Flock wallpaper was one of the more expensive papers, in which a raised design - typically damask and given a different color to the background that it was stuck to - was produced by using waste from the wool industry. For rooms which weren't generally on public display, a 'mock flock' would often be used. These were simply flat wallpapers printed to give the impression of flock and could also be found in the 'best' rooms of the middle classes. Metallic gilding usually only saw the homes of the wealthy.



Victoria reigned for an incredible 64 years. Advances in other fields such as transport influenced what was portrayed on Victorian walls too, and the fish, fruit, birds and flowers which had long been firm favorites became more exotic along the way.

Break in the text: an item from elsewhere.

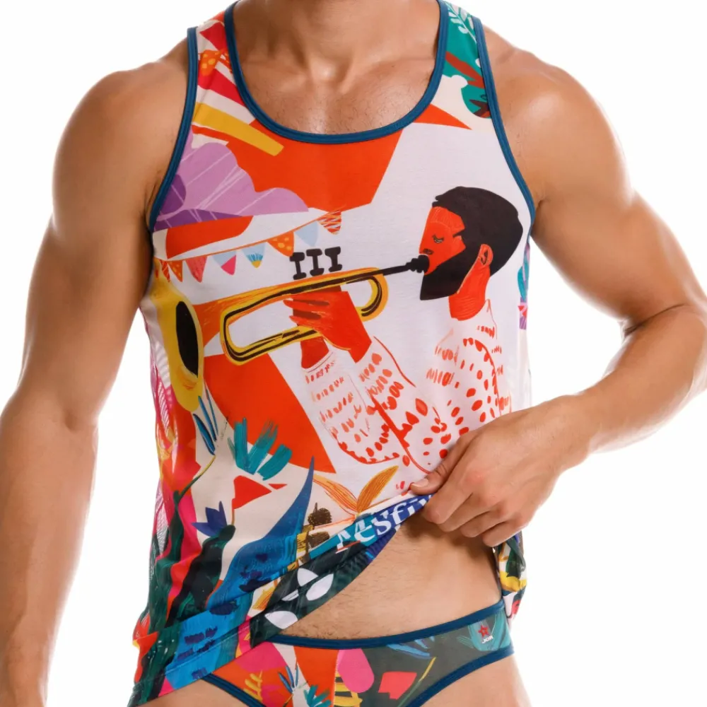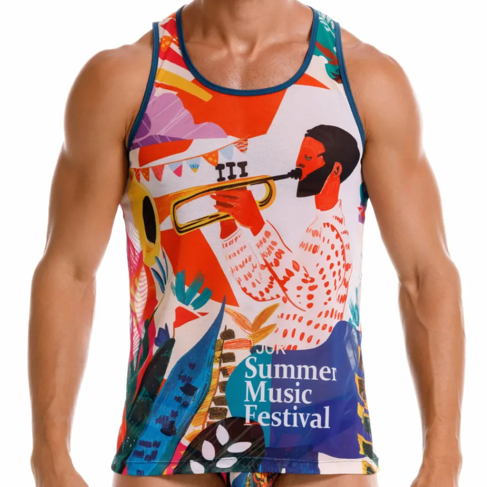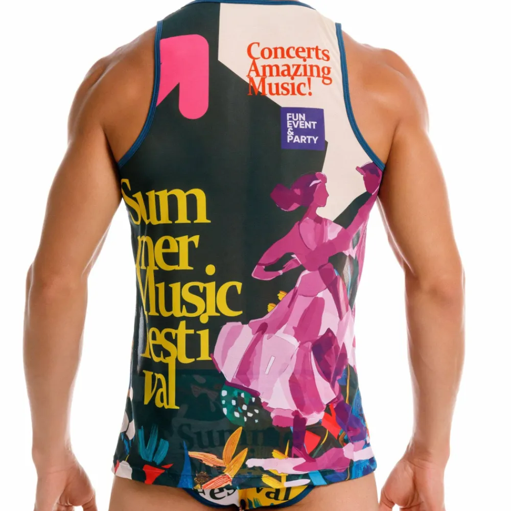 Débardeur semi-transparent en microfibre extensible, super douce et légère. Imprimé festif évoquant les festivals musicaux de l’été.
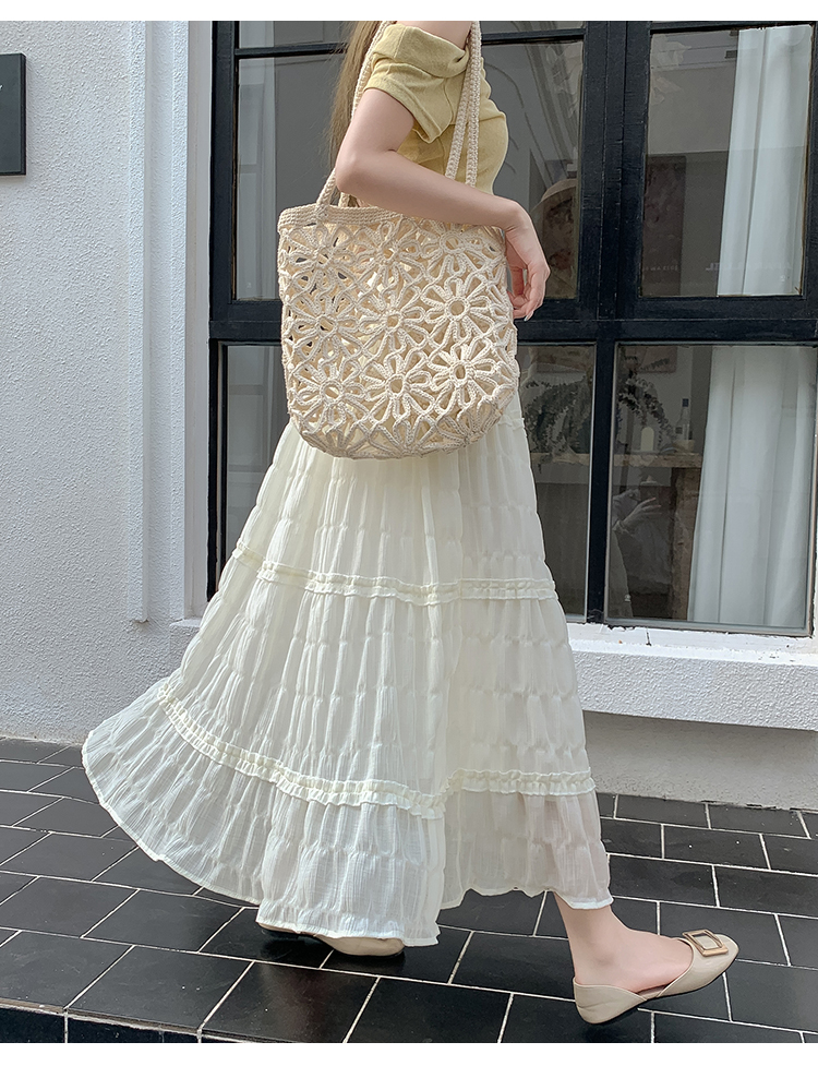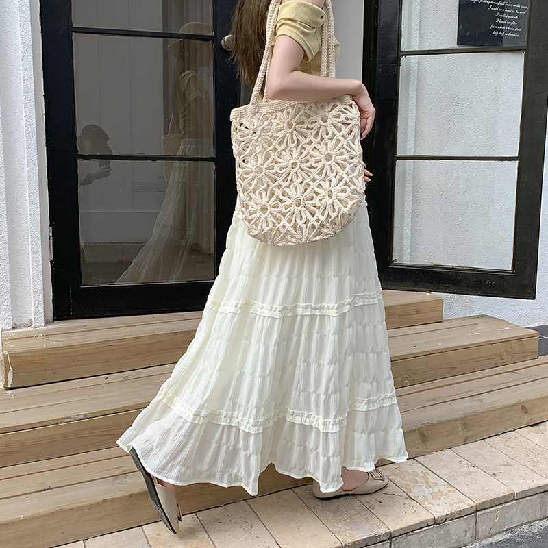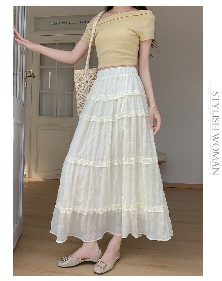 2026 여름 새로운 거즈 스커트 화이트 망사 반신 스커트 여성 도루 가을 센스 한 마디 하이웨이스트 롱 스커트 큰 진자 퍼프 스커트

Some of the designs could be a little ugly or overwhelming, but colors were mostly muted although they did become a little more vibrant towards the end of the period. Red was popular due the assertion by several 'in vogue' artists of the day that their paintings were best displayed against it. Yellow was seen as the worst backdrop for art.



Embossed or 'relief' papers were beginning to make an appearance in the 1870s, most of which were washable. Washable prints followed around fifteen years later, by which time an emerging Victorian obsession with hygiene had seen to it that genuine flock had pretty much had it's day.



This collection includes twenty-five prints (six flock designs, six guilded designs, six mock flock designs and nine standard prints), four relief designs with twenty-four authentic Victorian color presets for them, optional dirt presets (five opacity presets plus an OFF preset) and eleven scaling presets. Relief patterns and dirt will only be visible on rendering.



The shaders may be used as a merchant resource to create material presets for commercial models, but may not be resold as shader presets or in any other form from which the seamless texture files included can be extracted.